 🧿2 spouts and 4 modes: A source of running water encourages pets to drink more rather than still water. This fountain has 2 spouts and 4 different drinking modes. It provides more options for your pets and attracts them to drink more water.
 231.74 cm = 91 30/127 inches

****************

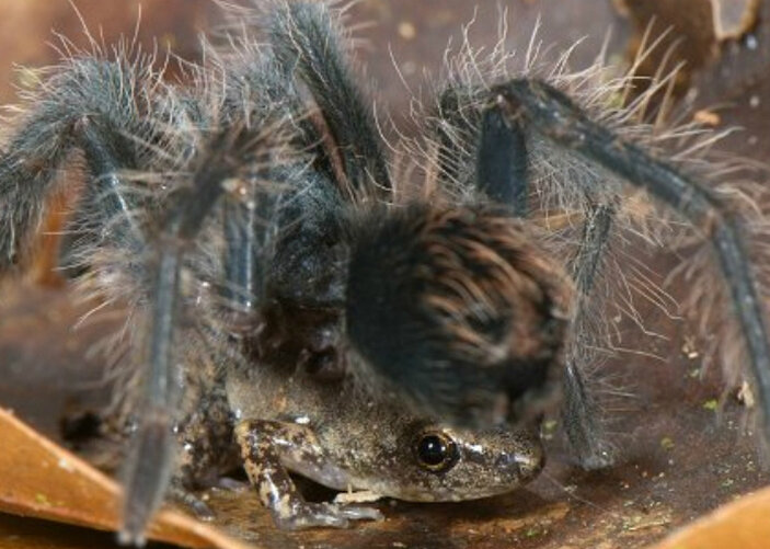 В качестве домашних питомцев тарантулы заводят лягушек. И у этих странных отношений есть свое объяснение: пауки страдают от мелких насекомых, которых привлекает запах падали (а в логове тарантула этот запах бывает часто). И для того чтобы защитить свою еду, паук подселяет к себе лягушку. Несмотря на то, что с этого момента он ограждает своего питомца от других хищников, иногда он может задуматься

****************

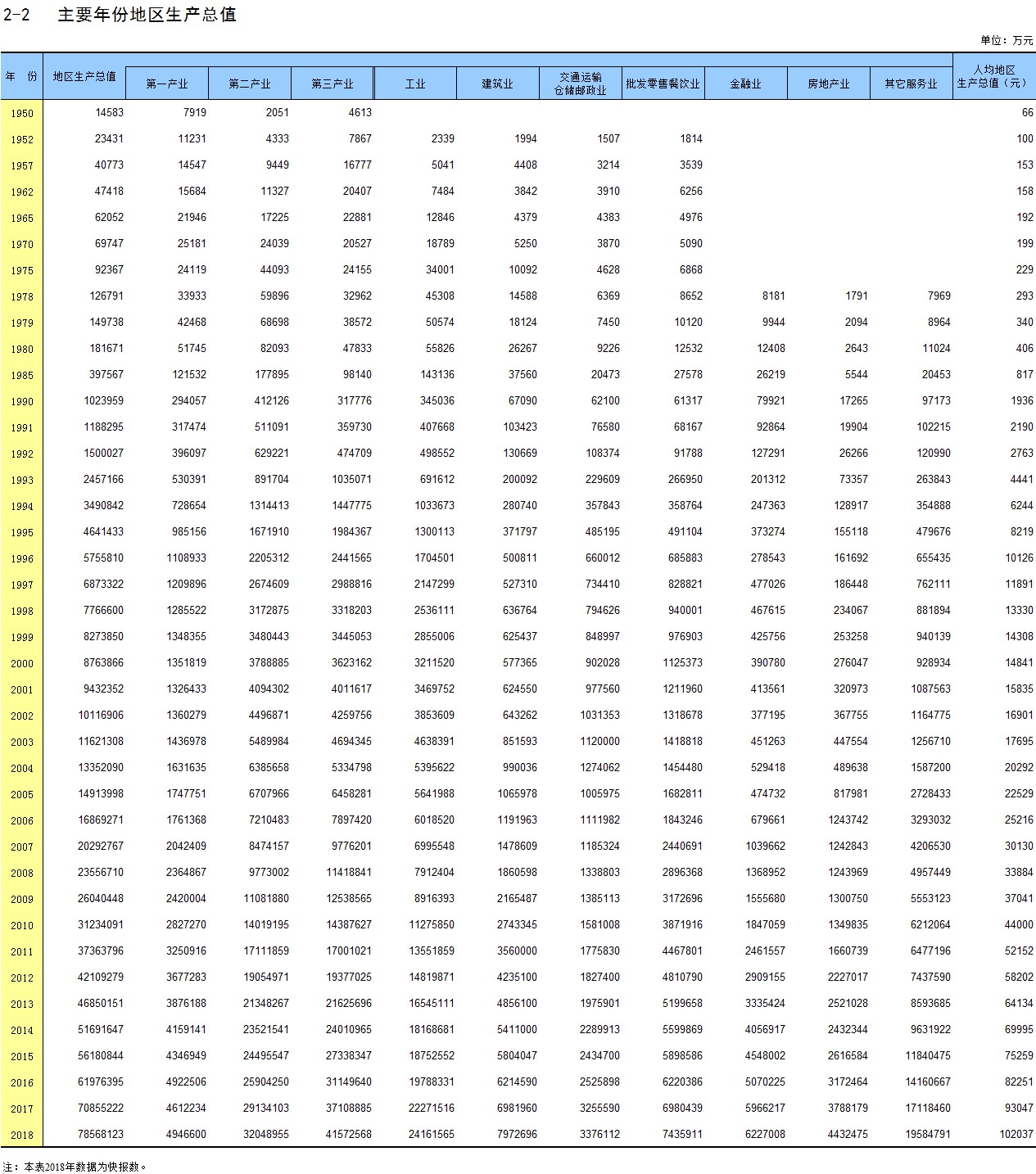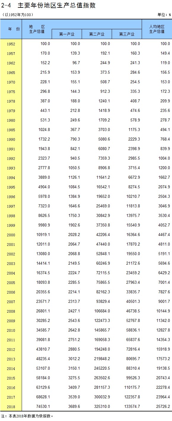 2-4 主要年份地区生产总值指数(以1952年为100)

****************

Retype exactly the lines of the data above that fall between the line with "drink more water." and the line with "231.74 cm = 91 30/127 inches", inclusive, and add nothing.

 🧿2 spouts and 4 modes: A source of running water encourages pets to drink more rather than still water. This fountain has 2 spouts and 4 different drinking modes. It provides more options for your pets and attracts them to drink more water.
 231.74 cm = 91 30/127 inches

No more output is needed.